Contactless smart cards are just the first step in a three-tier plan by Visa to create faster, easier customer-payment systems that reduce waiting times and the expense of cash transactions. “Step two is to take the experience onto a mobile phone,” says Vipin Kalra, country manager of Visa Australia. “The third will be to take that payment experience and create a digital wallet on a mobile phone or device, so the internet and mobile worlds converge.”

So will these changes affect the way we spend? Yes and no, say the experts. “They won’t cause us to spend more or less, but they will alter the way we spend – in the same way as, 20 years ago when you couldn’t use a credit card at a supermarket; now they’re standard fare,” says Ebstein.

However, Adam Ferrier, consumer psychologist and founding partner of Naked Communications, disagrees. “We tend to spend more when we don’t use cash,” he says. “Cards make spending feel more like an abstract concept and, therefore, the consequences of the spending are minimised.”

Ingrid Just from consumer group Choice says, “When you’re less engaged in that transaction process, there is potential for someone to spend more frequently,” but thinks it’s actually security, not debt, that most concerns customers. “When [contactless smart cards] have been tested across the country, fears will be allayed. We’ve done a top-line look at international markets and there haven’t been any major security breaches, so that’s heartening. Having said that, in the last six months in Australia, people have been alarmed by online security breaches and the malfunction of internet banking. It plays on people’s minds,” says Just.
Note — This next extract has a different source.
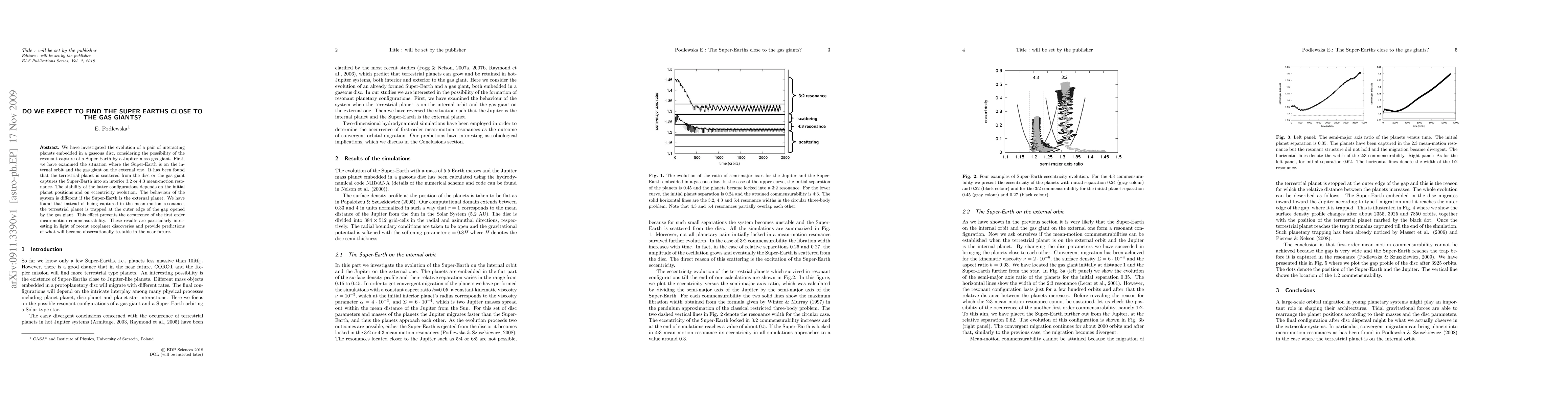 We have investigated the evolution of a pair of interacting planets embedded in a gaseous disc, considering the possibility of the resonant capture of a Super-Earth by a Jupiter mass gas giant. First, we have examined the situation where the Super-Earth is on the internal orbit and the gas giant on the external one. It has been found that the terrestrial planet is scattered from the disc or the gas giant captures the Super-Earth into an interior 3:2 or 4:3 mean-motion resonance. The stability of the latter configurations depends on the initial planet positions and on eccentricity evolution. The behaviour of the system is different if the Super-Earth is the external planet. We have found that instead of being captured in the mean-motion resonance, the terrestrial planet is trapped at the outer edge of the gap opened by the gas giant. This effect prevents the occurrence of the first order mean-motion commensurability. These results are particularly interesting in light of recent exoplanet discoveries and provide predictions of what will become observationally testable in the near future.

King argues that cash is the least secure payment method available. “It can be easily stolen, it’s not particularly efficient – we have to physically go to a place to get cash,” he says. Cash is also expensive. A 2010 study in Europe by Visa found that all payment methods (cash, cheques and cards) equate to two to three per cent of GDP, with cash accounting for more than two-thirds of that cost. Independent analysts also suggested that every year in Europe each person spends about 200 euros to cover the cost of cash. Moving toward a card-carrying cashless society should, therefore, have a positive impact on the bottom line for governments and retailers alike.

According to Miselowski, digital wallets could actually help us spend our money more wisely. “These devices will become increasingly clever – the apps will begin to talk to each other, they’ll understand your spending habits. If you want it to, the device could even coach or prompt you and help you avoid racking up debt,” he says.

While cash is unlikely to entirely disappear from the face of the earth, cashless technology is the future – and the banks can sink or swim, says King. “The young kids coming up, you try telling them to use a chequebook – they don’t get it,” he says. “Either the banks can continue to say they’re wrong, or they can start to think about it from a customer perspective.”

And if they don’t? Like the publishing and music industries before them, they’ll be left behind. “Google and Apple and PayPal will all build payment interfaces that are simpler,” says Brett. “They’ll do the complex back-end with the banks, but the banks’ margins on the transactions will be a lot lower and they won’t own the customers anymore.”